BANGUI, 22 mai 2003 (AFP) - 17h22 - Dépourvu de moyens malgré les énormes richesses potentielles du pays, le nouveau pouvoir centrafricain issu du coup d'Etat du 15 mars hérite d'une situation catastrophique et doit faire face à une tâche titanesque
Vingt-cinq années de chaos politique et militaire ont ruiné le pays et imposé comme normaux, à tous les niveaux de la société, des comportements incompatibles avec la gestion saine d'un Etat.
"L'Etat a un déficit d'autorité. Les structures, les cadres règlementaires existent mais ne sont pas respectés", constate Joseph Kamach, "patron des patrons" centrafricains.
Ce qui est vrai pour les affaires - la nécessaire restauration de l'autorité de l'Etat à travers notamment la reprise en main des régies financières -, l'est tout autant pour le contrôle des frontières ou la sécurité des citoyens: il y a belle lurette que Bangui n'a pas les moyens de contrôler l'ensemble d'un pays faiblement peuplé (3,8 millions d'habitants) mais plus vaste que la France.
D'où le champs libre laissé, dans les régions frontalières, aux braconniers "industriels" des pays voisins, aux fraudeurs en tous genres, ou la difficulté de venir à bout des "zaraguinas" (coupeurs de route) sans une remotivation et une restructuration vigoureuses des forces de sécurité.
Déjà peu développée, l'industrie a subi de nouvelles destructions à chaque coup de force militaire.

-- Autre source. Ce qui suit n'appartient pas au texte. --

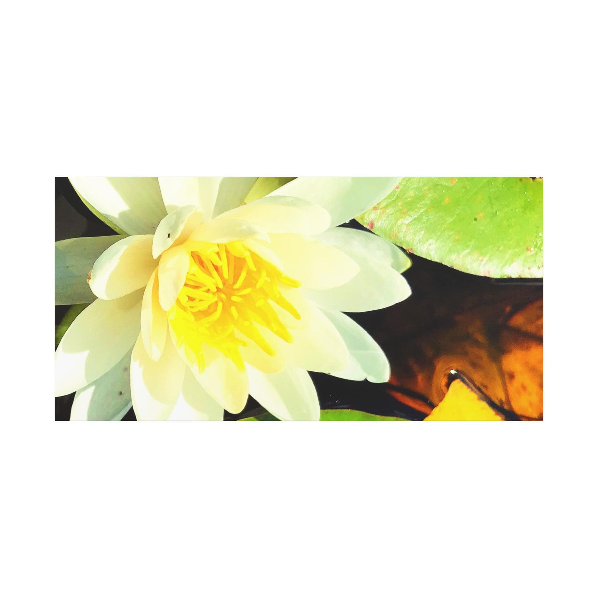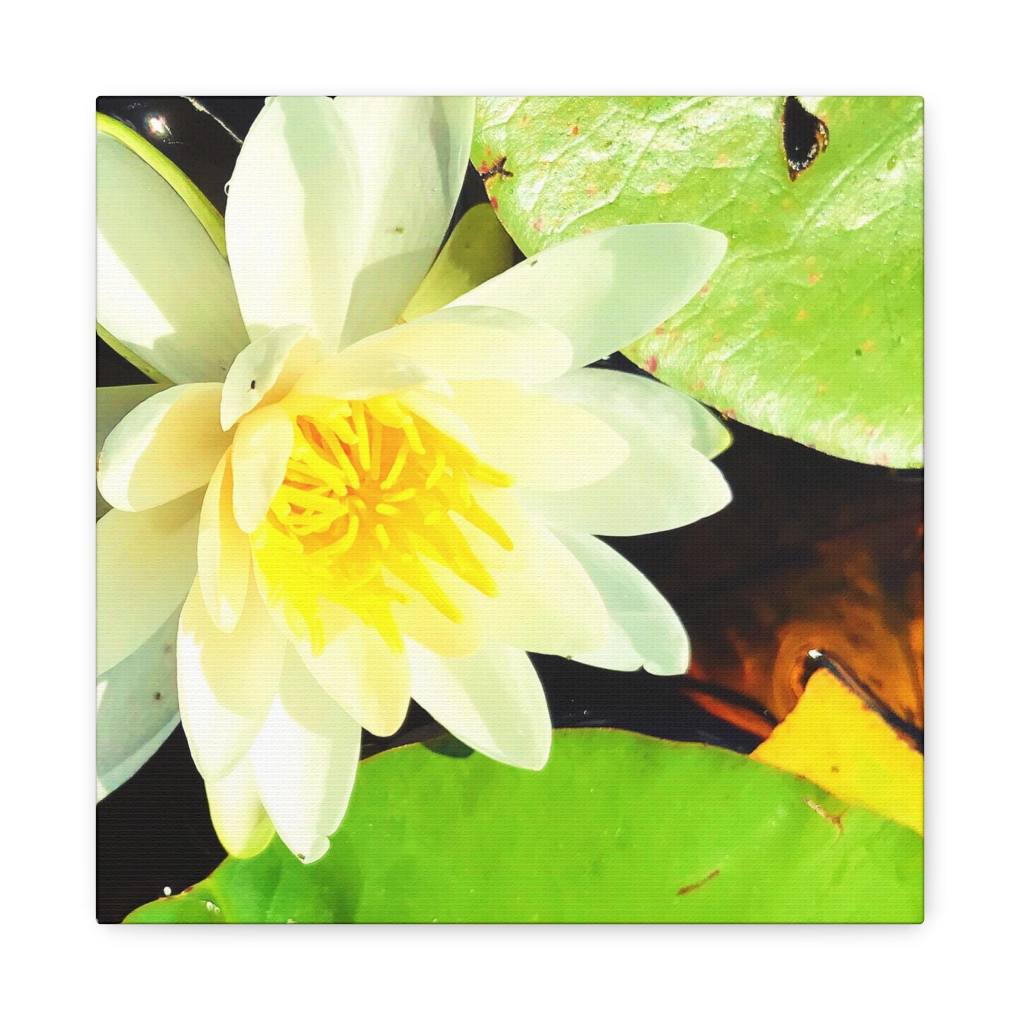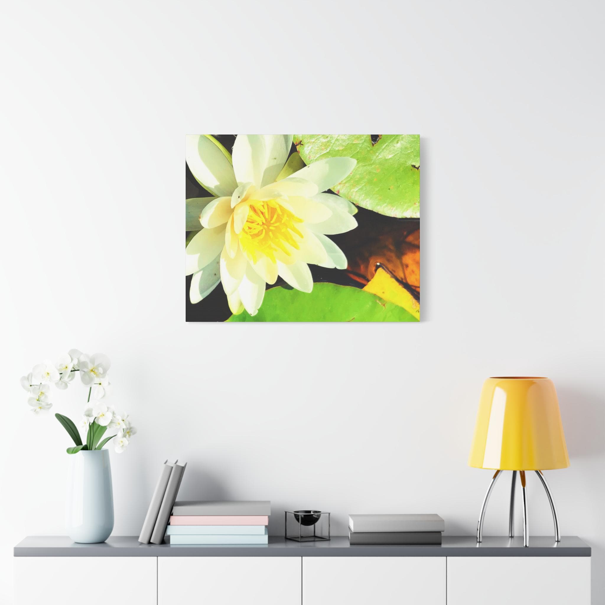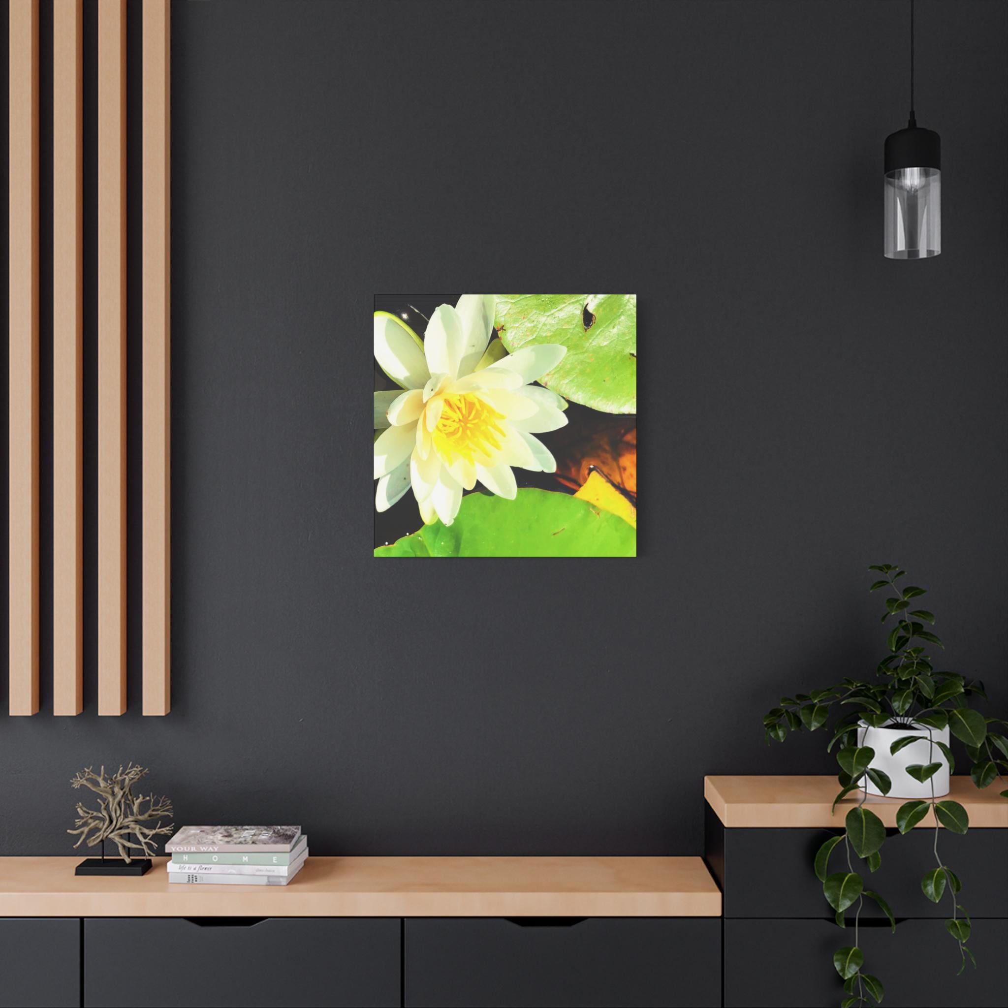 This serene photograph features a stunning white water lily in full bloom, resting gently among lily pads. The vibrant yellow center brings a warm glow against the dark water, creating a calming and elegant composition. Perfect for wall art, canvas prints, or gifts for flower and garden lovers, this piece adds a touch of peaceful beauty to any space.

Désormais réduite à la portion congrue (une brasserie, une fabrique de cigarettes et une d'huile de palme, une sucrerie), elle est le pendant d'un secteur agricole abandonné malgré d'excellentes conditions de production.
Peut-être mieux que tout autre, un chiffre symbolise cet état de délabrement de la Centrafrique: sous Jean-Bedel Bokassa (1965-1979), conspué par les Occidentaux pour ses frasques grandiloquentes et ses dernières années sanglantes au pouvoir, le taux de scolarisation était de 85%. Selon les Nations Unies, il était en 2002 de 43%.
En matière de santé, la situation est tout aussi préoccupante. Pour se cantonner au sida, la RCA a le triste privilège du taux de séropositivité le plus élevé d'Afrique centrale, supérieur à 15%.
Où que l'on se tourne en matière d'infrastructures -routes, eau, électricité, etc...-, le bilan est identique, aggravé par les combats de ces derniers mois qui ont dévasté le nord et le nord-ouest du pays.
Même la Poste n'est plus qu'une coquille vide. "Ses employés l'on tuée: personne ne veut plus leur confier ni argent, ni colis", assure un ministre.
"Le problème n'est pas ce qui reste, mais comment relancer la machine", dit M. Kamach. "On dit que c'est un pays riche, mais hormis le bois, toutes ses richesses (diamant, or et minerais rares, coton et café) dépendent des cours mondiaux".
"Il faut que l'Etat apprenne à juguler la fraude à tous les niveaux, qu'il développe les notion de citoyenneté, de civisme", estime le patron du plus grand groupe privé centrafricain (2.000 salariés). "Il faut que les entrepreneurs donnent de la richesse à l'Etat pour que ce dernier nous la retourne à travers les salaires et les investissements".
"Il faut changer les mentalités", renchérit Me Nicolas Tiangaye, président de la Ligue centrafricaine des droits de l'homme (LCDH). "Pour certains, le 15 mars, ça veut encore dire que c'est le moment de voler à leur tour et de remplacer les voleurs rassasiés".
Dans l'immédiat, le pays devra compter sur ses propres forces malgré la tournée d'explication que vient d'effectuer son premier ministre à Paris et à Bruxelles: il faudra des actes pour convaincre les bailleurs de fonds, échaudés par des années de gestion erratique.